:: Given data

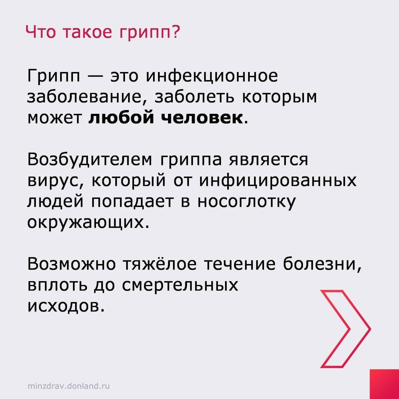 В Ростовской области продолжается вакцинация от гриппа. Чтобы избежать массового заражения, жителям Дона рекомендуется пройти вакцинацию. Предлагаем ознакомиться с карточками Минздрава РО https://t.me/mzro61 , в которых кратко даны ответы на вопросы о симптомах, особенностях, осложнениях и профилактике гриппа.
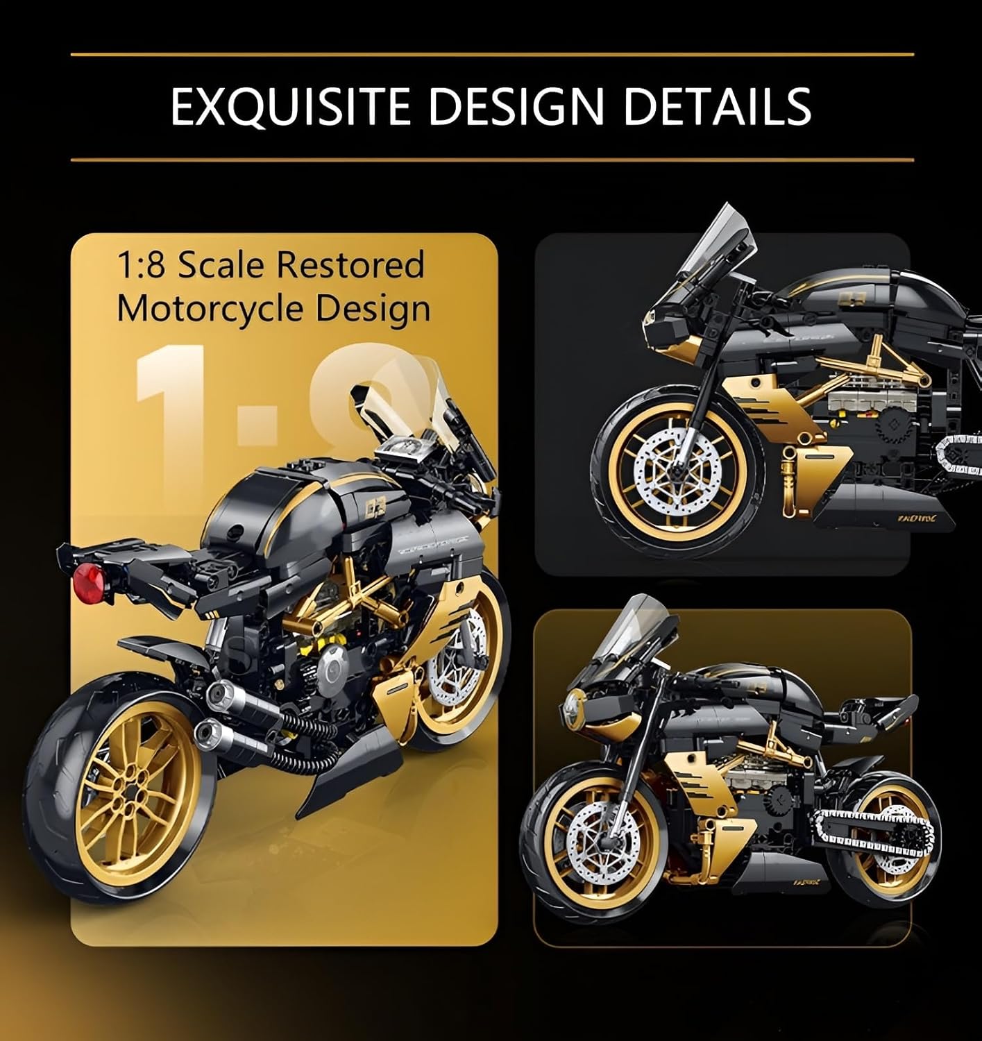 【Blocchi di motocicletta】 Questo modello di motocicletta in scala 1:8 riproduce perfettamente l'aspetto classico dell'originale. Sia sullo scaffale che per il gioco fantasioso, questo modello è un omaggio al design motociclistico. 【Adatto a tutte le età】 Il nostro kit modello di moto contiene 506 pezzi di elementi costitutivi e viene fornito con istruzioni passo passo a colori che sfidano e intrattengono sia i principianti che i costruttori esperti. 【Design realistico】 Questo set per moto presenta un corpo liscio e aerodinamico, tubi di scarico realistici e manubrio mobile. Mettere insieme questi dettagli ti riempirà di orgoglio. 【Qualità Premium】 Questo modello di mattoncini per moto è realizzato in materiale durevole e di alta qualità con una superficie liscia e priva di sbavature. Le istruzioni passo passo sono semplici e facili da capire, quindi chiunque può facilmente assemblare il modello. 【Regalo per gli appassionati di motociclette】 Questo modello di motociclette ad alta tecnologia è un'ottima scelta per compleanni, vacanze o occasioni speciali. Attira appassionati di ogni ceto sociale, dagli amanti delle motociclette agli appassionati di architettura.
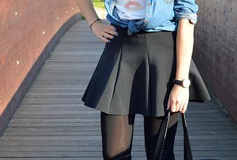 Jacket Leather/Cazadora de cuero: Mango (new) (similar here)Denim Blouse/Camisa vaquera: Pull and BearShirt/Camiseta: SheinsideSkirt/Falda: ZaraBoots/Botas: StradivariusWatch/Reloj: Daniel Wellington (similar here)Bracelet/Brazalete: GlamuletBag/Bolso: Bissu (new) (similar here)

::::

The response should restate the material above word for word and contain no pictures.

■ **Response**:
 В Ростовской области продолжается вакцинация от гриппа. Чтобы избежать массового заражения, жителям Дона рекомендуется пройти вакцинацию. Предлагаем ознакомиться с карточками Минздрава РО https://t.me/mzro61 , в которых кратко даны ответы на вопросы о симптомах, особенностях, осложнениях и профилактике гриппа.
 【Blocchi di motocicletta】 Questo modello di motocicletta in scala 1:8 riproduce perfettamente l'aspetto classico dell'originale. Sia sullo scaffale che per il gioco fantasioso, questo modello è un omaggio al design motociclistico. 【Adatto a tutte le età】 Il nostro kit modello di moto contiene 506 pezzi di elementi costitutivi e viene fornito con istruzioni passo passo a colori che sfidano e intrattengono sia i principianti che i costruttori esperti. 【Design realistico】 Questo set per moto presenta un corpo liscio e aerodinamico, tubi di scarico realistici e manubrio mobile. Mettere insieme questi dettagli ti riempirà di orgoglio. 【Qualità Premium】 Questo modello di mattoncini per moto è realizzato in materiale durevole e di alta qualità con una superficie liscia e priva di sbavature. Le istruzioni passo passo sono semplici e facili da capire, quindi chiunque può facilmente assemblare il modello. 【Regalo per gli appassionati di motociclette】 Questo modello di motociclette ad alta tecnologia è un'ottima scelta per compleanni, vacanze o occasioni speciali. Attira appassionati di ogni ceto sociale, dagli amanti delle motociclette agli appassionati di architettura.
 Jacket Leather/Cazadora de cuero: Mango (new) (similar here)Denim Blouse/Camisa vaquera: Pull and BearShirt/Camiseta: SheinsideSkirt/Falda: ZaraBoots/Botas: StradivariusWatch/Reloj: Daniel Wellington (similar here)Bracelet/Brazalete: GlamuletBag/Bolso: Bissu (new) (similar here)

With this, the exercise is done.